Thousands of half-starved coolies, nearly naked, with a squatty basket made of bamboo strips in their hands or on their heads, may be seen in any section of India. That basket is his "work-box," in which he carries anything required.

An umbrella is the sign of authority in this section of the world where a group of natives are engaged at work. Whether the weather be wet, cloudy, or clear, the Indian foreman is known by his holding an umbrella.

A finger bowl is placed at the side of every plate when serving food in India.

The word "calico" had its origin in India. The city of Calicut, whence the word calico is derived, was a cotton goods manufacturing center in early times.

Madras, the third largest city in India, is composed mostly of Hindus, and where that sect is found the sacred cows and bulls will be in evidence, as well as the miserable widows, the burning ghats; the mothers who give their young daughters to depraved priests who persuade the parents they will gain special favor in the sight of the gods for so doing; the goat-slaughtering places, the idols of monkeys, snakes, and other characters, and juggernaut cars. The Hindu has little to recommend him in either person or religion, and yet the best-fed things we saw in that country were connected with the church—the sacred bulls and cows.

The native quarters and the temples were the same as have been touched on in our Indian notes. The bazaars were the same, and there seemed to be more nearly naked people, owing to the weather on the Coramandel coast being warmer than that further north. One wonders how Europeans stand the heat, as few cool breezes blow in the hot sections of that country to refresh the jaded.
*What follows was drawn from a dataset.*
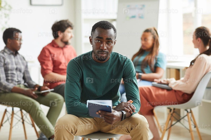Афроамериканский мужчина, стоящий лицом к камере на деловой встрече

Mention has been made on several occasions of the appalling mortality from fevers and pestilence. A considerable portion of the mortality may be accounted for, however, when the reader learns that there is practically no sewerage from east to west and from south to north in this thickly populated country. With no sewerage, and the habits of the people as a race being the opposite of clean, together with all of the Hindus holding in reverence venomous snakes and mad dogs, and some sects bedbugs, mosquitoes, and vermin, the wonder is not at the great number that fall victims to these various causes, but how to account for so many being alive.

Madras was the last stop in India, as a train was boarded for Tuticorin. We passed through a country that is celebrated for its splendid temples, which are strange to understand when one sees the crude tools and archaic methods employed to do ordinary kinds of work. In the artistic designs and richness of construction of some temples and mosques one sees the acme of art, and in mechanism the mien. Judging from the latter, it might seem that some skilled race of people had made their abode in that country during the period of construction of some of the buildings, and then had passed out, unseen, as it were. The people of India, as they appear to Europeans, with their marble and gold buildings, seem to be a contradiction. The country was flat to Tuticorin, half of it being under water, the monsoons just having ended.